GIVEN DATA
........
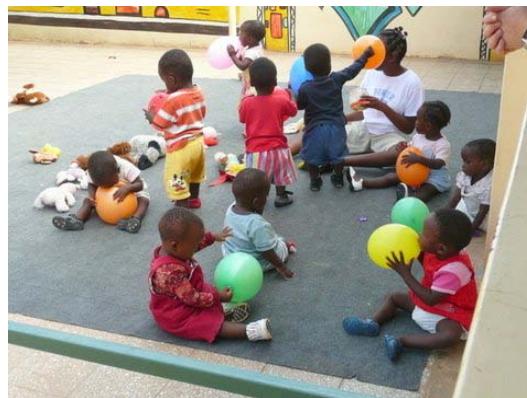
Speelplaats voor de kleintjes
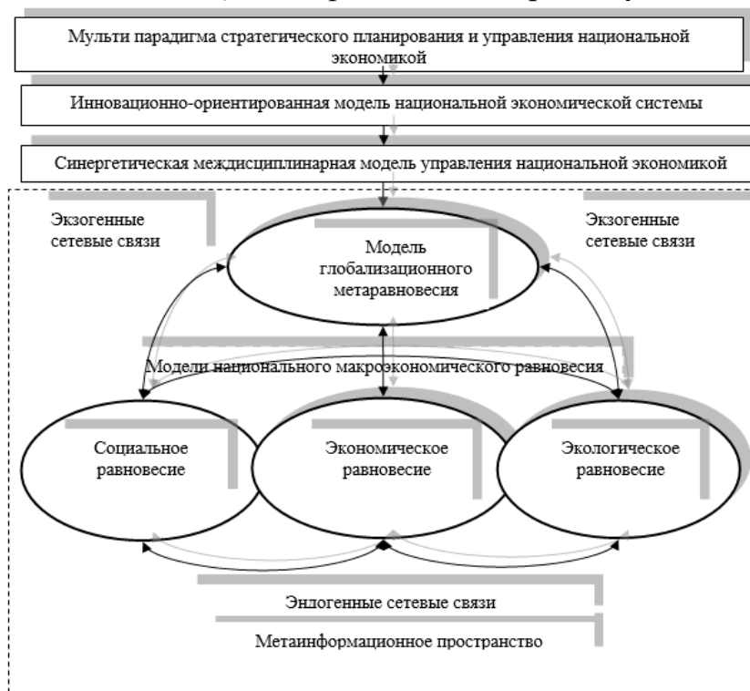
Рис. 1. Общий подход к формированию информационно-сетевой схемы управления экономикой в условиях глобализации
........
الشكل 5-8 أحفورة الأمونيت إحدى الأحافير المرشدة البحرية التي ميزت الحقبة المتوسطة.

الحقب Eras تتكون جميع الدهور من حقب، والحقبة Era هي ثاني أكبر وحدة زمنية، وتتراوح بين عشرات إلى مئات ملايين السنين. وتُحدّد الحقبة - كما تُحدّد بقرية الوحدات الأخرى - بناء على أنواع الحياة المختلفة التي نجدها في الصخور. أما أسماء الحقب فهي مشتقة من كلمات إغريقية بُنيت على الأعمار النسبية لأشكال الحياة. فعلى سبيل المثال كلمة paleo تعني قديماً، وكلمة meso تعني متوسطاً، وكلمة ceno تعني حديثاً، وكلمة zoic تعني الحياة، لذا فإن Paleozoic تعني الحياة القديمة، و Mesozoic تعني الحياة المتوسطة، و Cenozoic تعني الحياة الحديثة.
........
WHAT YOU SHOULD DO
Find the word "المتوسطة" in the data and copy out each line where it turns up.

FINISHED EXERCISE
الشكل 5-8 أحفورة الأمونيت إحدى الأحافير المرشدة البحرية التي ميزت الحقبة المتوسطة.
الحقب Eras تتكون جميع الدهور من حقب، والحقبة Era هي ثاني أكبر وحدة زمنية، وتتراوح بين عشرات إلى مئات ملايين السنين. وتُحدّد الحقبة - كما تُحدّد بقرية الوحدات الأخرى - بناء على أنواع الحياة المختلفة التي نجدها في الصخور. أما أسماء الحقب فهي مشتقة من كلمات إغريقية بُنيت على الأعمار النسبية لأشكال الحياة. فعلى سبيل المثال كلمة paleo تعني قديماً، وكلمة meso تعني متوسطاً، وكلمة ceno تعني حديثاً، وكلمة zoic تعني الحياة، لذا فإن Paleozoic تعني الحياة القديمة، و Mesozoic تعني الحياة المتوسطة، و Cenozoic تعني الحياة الحديثة.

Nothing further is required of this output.